名古屋の地下鉄で、高校生のグループが乗り込んできた。

どこか違うなあ、と思って、何が違うんだろうと観察すると、

身につけているもの、もちものがとても質の良いものを身につけている

ことがわかった。

なかでも光っていたのは、靴だ。
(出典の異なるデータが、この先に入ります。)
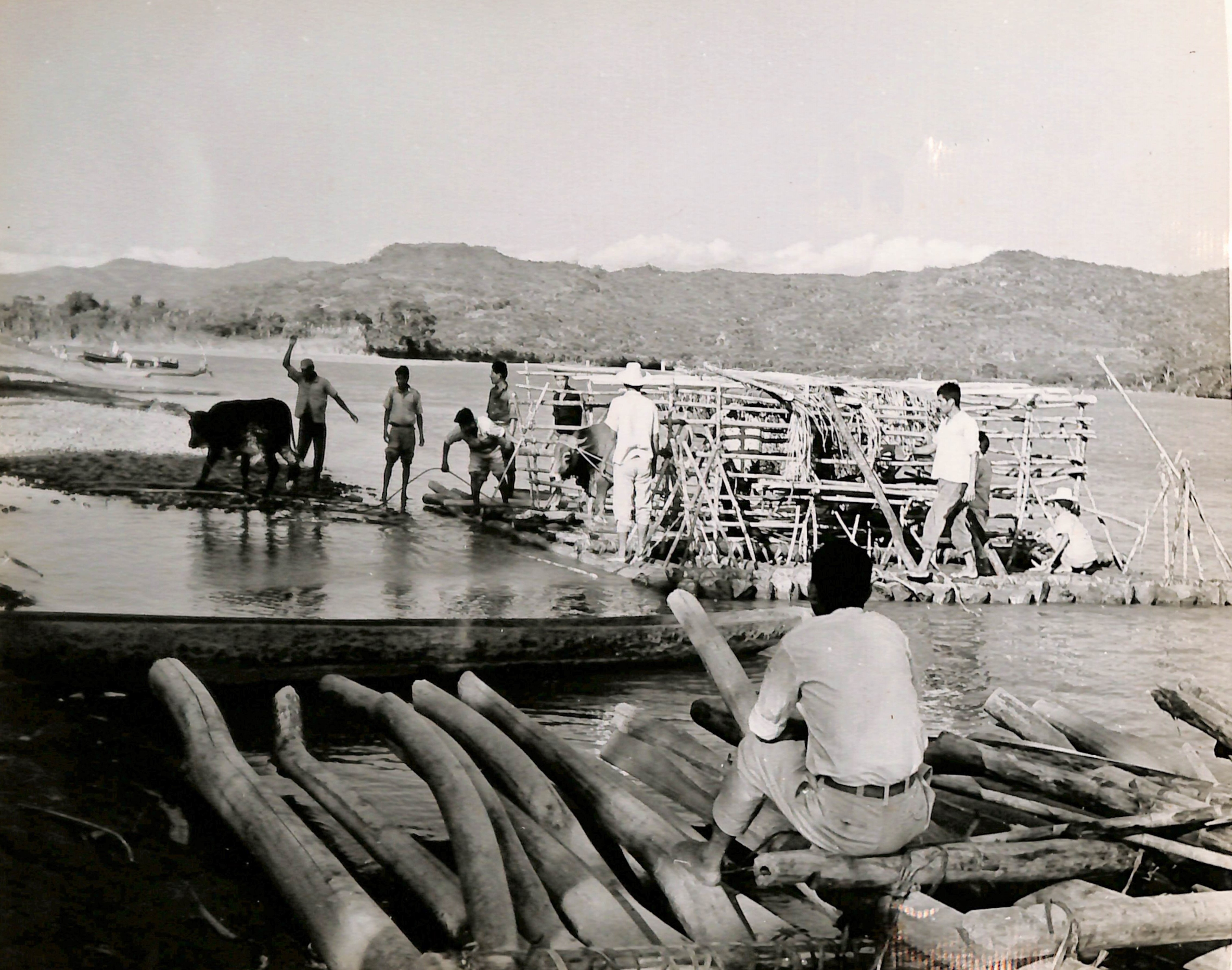 En la fotografía se aprecia en el río un típico transporte de ganado vacuno.
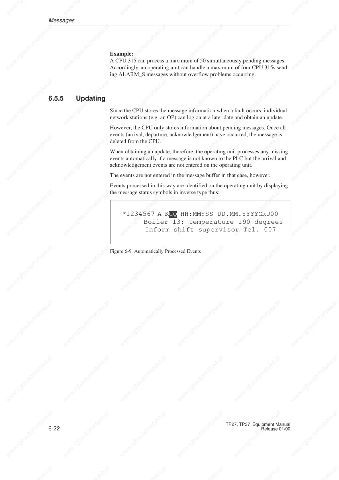 events automatically if a message is not known to the PLC but the arrival and

スニーカーなんだけど、違う。

彼らの「いい雰囲気」は、靴から出ていた。

そこで思ったこと。

何かをあきらめたり、何かを捨ててしまった人は、靴に出る。

靴の手入れができなくなる。

靴をきちんと揃えられなくなる。

靴ひもがほどけたままはいて、平気になってしまう。

不思議なことに、そうなる。

そして、こころがそうなると、靴も、そうなる。

靴がそうだから、こころもそうなる。

マイナスの循環だ。

ぼくはいま、歯が痛くて、かなり危機的な状況にある。

でも、仕事が詰まっていて、歯医者さんに行けない。

行けないまま、月曜にはLAへ飛ばなければならない。

帰国を早めようとしたが、いいフライトがなく、断念した。

それでもね。ふんばってる。

ふんばって、何をしたかというと、靴を磨いた。

靴を磨けなくなったら、何かが欠けてしまう。

ふんばるために、ぼくは靴を磨く。